そして、文化面でも(今回は主にクラシック音楽だが…)日本は結果的に "passing" されている?と見えなくもない、残念ながら…。
天津ジュリアード音楽院のことに戻ると、実は5年前には決まっていたようだ。
例えば、2012年8月3日には、吉原真里さん(『ヴァン・クライバーン国際ピアノ・コンクール』の著者)がこんな(↓)ブログ記事を書いている。
✏️ジュリアード、中国に進出
この中に、「ジュリアードに在籍する音楽専攻の学生647人のうち、留学生は195人。その出身国の内訳は、韓国59人、カナダ39人、中国38人(ちなみに日本は6人)」とある。
日中韓で100人を超えている。アジア進出も当然のようにも見える。
また、2015年の公式発表時には、なんと中国のファーストレディ(習近平の奥さん)Peng Liyuan がニューヨークのジュリアード音楽院を訪れている(↓)。中国の力の入れ方が想像できる。
✏️Juilliard announces plans for The Tianjin Juilliard School in China
どこかの国のファーストレディ(とその夫?)も、怪しげな学園と関わって税金のムダ使いを怪しまれるようなことではなく、もっと国民が誇れるようなことをやってほしいと思うのだが…。
どんな内容になるかの詳細は発表されていないようだ。日本語でのニュース記事で分かりやすかったのはこれ(↓)。

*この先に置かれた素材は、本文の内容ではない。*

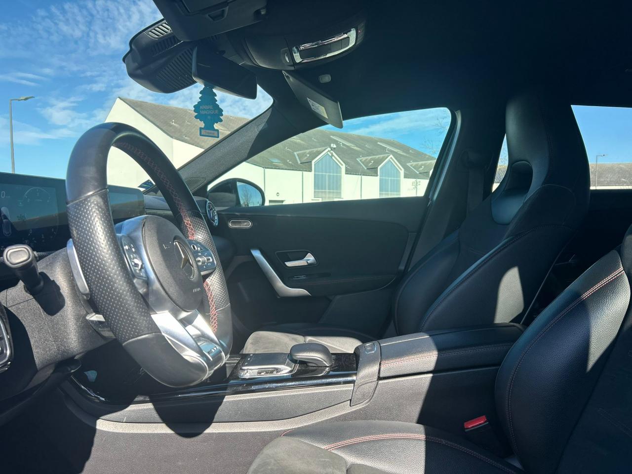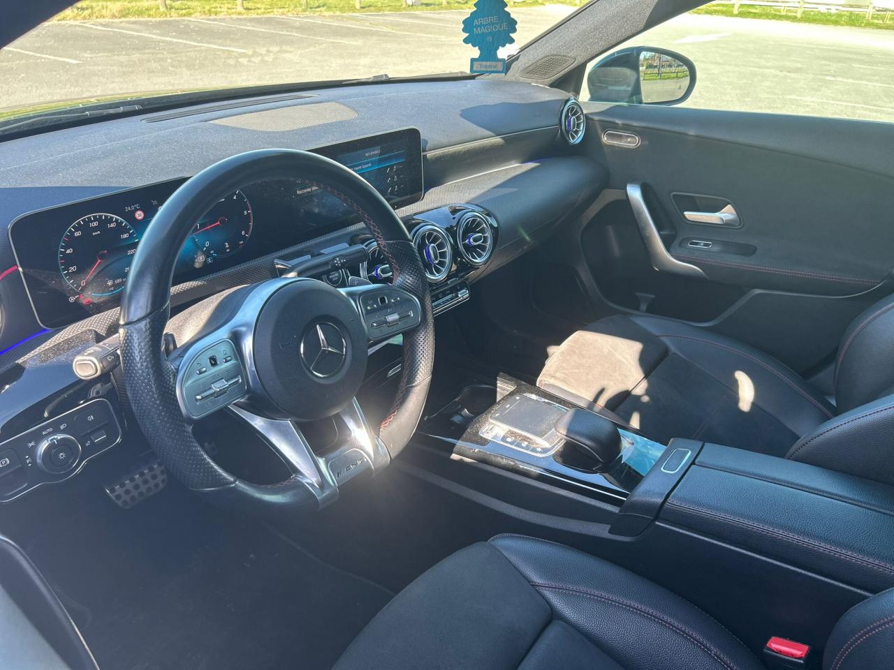 Aide au démarrage en côteAllumage automatique des projecteursAntiblocage ABSAvertisseur de franchissement de ligne actifAvertisseur de limitation de vitesseAvertisseur de perte de pression des pneusBaguette de ligne de ceinture chroméeCapteur de pluieCiel de pavillon en tissu noirClimatisation automatique "Thermatic"DYNAMIC SELECT controller : 4 programmes de conduiteEssieu arrière multibrasFonctionnalités élargies MBUXFrein de stationnement électriqueFreinage d'urgence assisté actif : système d'avertissement des risques de collision et de pré-freinage incluant l'assistance au freinage adaptifGarnitures en similicuir ARTICOGrille de calandre diamant avec pastilles chromées et lamelleIndicateur de ceinture de sécuritéJantes alliage AMG 45,7 cm (18") à 5 doubles branches avec pneus 225/45 R18Kit anti-crevaison TIREFITKit carrosserie AMGMBUX système multimédiaOrdinateur de bordPédalier sport en aluminium avec picotsPack AdvantagePack ConfortPack visibilitéPARKTRONIC (aide au parking)Pavé tactile TOUCHPAD avec sélecteurPeinture non métalliséePré-équipement autopartagePré-équipement pour radio numériqueProjecteurs hautes performances à technologie LEDRégulateur et limiteur de vitesseRétroviseurs extérieurs électriques intégrant le rappel de clignotantRadio Numérique DABSièges avant sport intégrauxSystème d'Appel d'Urgence Mercedes-BenzSystème de commande vocale et assistant personnel activable grâce à "Hey Mercedes"Tapis de sol AMGTrain de roulement confort avec châssis surbaisséVolant sport multifonctions en cuir Nappa à 3 branches avec méplatZAS : coupure d'alimentation des cylindres

✏️米・ジュリアード音楽院初の海外分校が天津に 2019年開校予定
これによると、「オーケストラや室内楽の演奏、ピアノ芸術指導修士課程、プレカレッジ課程、楽器訓練課程、成人教育など、さまざまなコース」が予定されており、「5年目をめどに在学の修士課程240人、プレカレッジ生200人」くらいの規模を考えているようだ。
なお、「ピアノ芸術指導修士課程」は英文記事では "collaborative piano" となっている。声楽や器楽の伴奏、室内楽でのピアノ演奏、音楽教育理論などを含む課程と思われる。「ピアノ科」みたいなものは「楽器訓練課程」に含まれるのだろうか?
まぁ、日本人にとっても、近くに「ジュリアード」が出来るわけなので、ここは「日本ファースト」とかにこだわらず、素直に喜ぶべきなのだろう…とは思う…(^^;)。